“The combination of rising inflation and consumer spending is driving mortgage rates higher,” says Sam Khater, Freddie Mac’s chief economist. “Shoppers looking to buy a home are fueling a strong demand while ongoing inventory shortages are not improving in the presence of higher home prices. This reality illustrates the challenging situation facing the housing market.”

The 30-year fixed-rate mortgage averaged 3.10% this week, Freddie Mac reports. The National Association of REALTORS® is forecasting that rates will increase to 3.50% by the middle of 2022.
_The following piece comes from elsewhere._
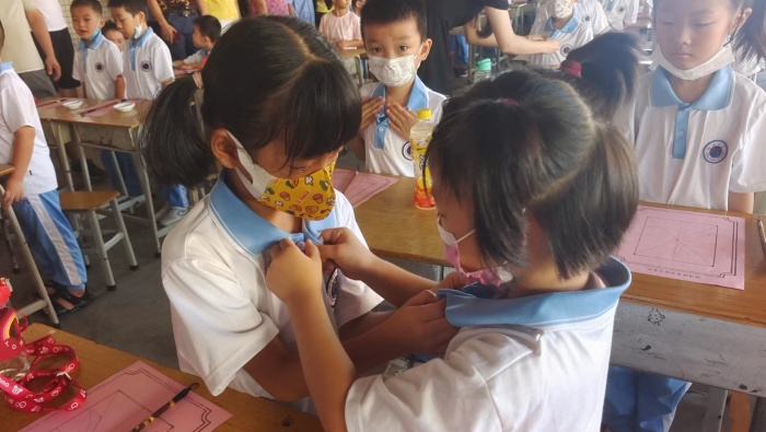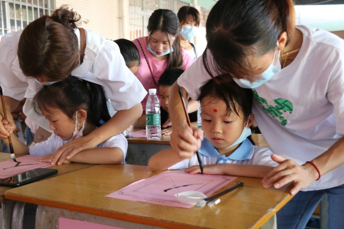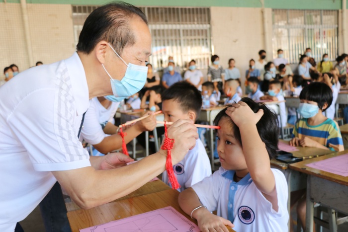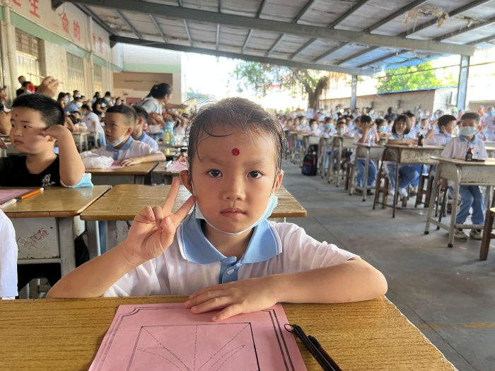 到了第三個環(huán)節(jié)則是“朱砂啟智”。在古代,學童入學讀書前,都會有啟蒙師長用紅色的朱砂在學子們的額頭正中點上紅痣,稱為“開天眼”。當中的“痣”通“智”,意為開啟智慧,以此寄托美好的愿望,從此眼明心亮,奮發(fā)學習。在這一活動里,孩子們也紛紛亮出自己的天眼,感謝老師的啟蒙。

“With more homes to hit the market and higher mortgage rates, expect the housing market to slow down in 2022 but remain above the pre-pandemic level,” Nadia Evangelou, NAR’s senior economist and director of forecasting, writes for the association’s blog.
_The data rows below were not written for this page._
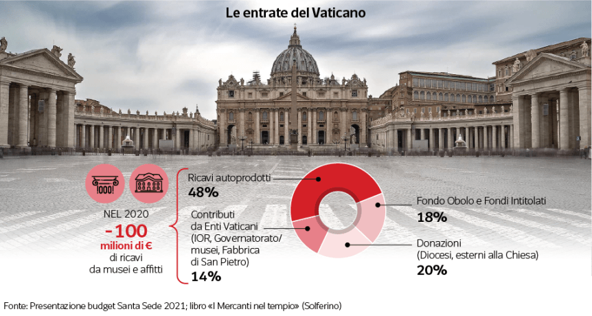 L’obolo ricapitalizza l’azienda – Ma a quanto ammonta il buco del Vaticano? Per tre anni, fino al 2018 compreso, i bilanci della Santa Sede non sono stati resi pubblici, ma hanno sempre chiuso in perdita. Nel 2016 il bilancio vaticano ha perso 3 milioni, l’anno dopo 32 milioni. Nel 2018 ne ha bruciati 75, nel 2019 altri 11 e infine 66 l’anno scorso. Nel 2020, infatti, al deficit strutturale si è aggiunto il Covid: con i Musei Vaticani (i più visitati al mondo) chiusi per quasi un anno e minori affitti incassati dagli inquilini, c’è stato un calo di circa 100 milioni di ricavi.
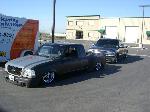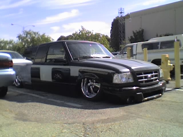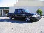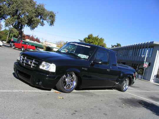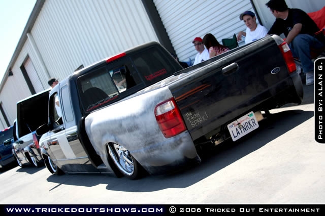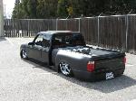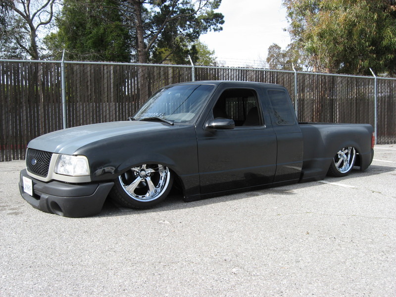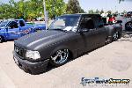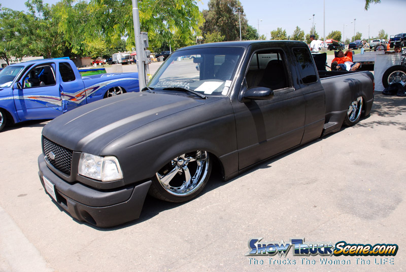 Eli @ Air Concepts Fab did a Stock Floor on a Powder coated frame. Raised bed sides, Sheeted bed, Shaved Handles, Grant Customs Roll pan, SS mirrors, clear corners, Edge Hoo, Bumper, and fog lights...Lots-A-shades of black!
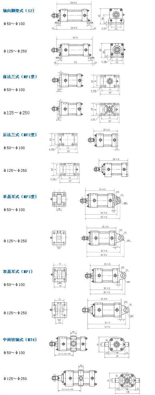 | 氣缸內(nèi)徑φ(mm) | MT4型 | TD | TL | TM | TR | UM | UW | XI | T | W | ZF | F | |

Freddie Mac reports the following national averages with mortgage rates for the week ending Nov. 18:

  • 30-year fixed-rate mortgages: averaged 3.10%, with an average 0.7 point, rising from last week’s 2.98% average. Last year at this time, 30-year rates averaged 2.72%.
  • 15-year fixed-rate mortgages: averaged 2.39%, with an average 0.6 point, increasing from last week’s 2.27% average. A year ago, 15-year rates averaged 2.28%.
  • 5-year hybrid adjustable-rate mortgages: averaged 2.49%, with an average 0.3 point, dropping from last week’s 2.53% average. A year ago, 5-year ARMs averaged 2.85%.

Freddie Mac reports average commitment rates along with average points to better reflect the total upfront cost of obtaining a mortgage.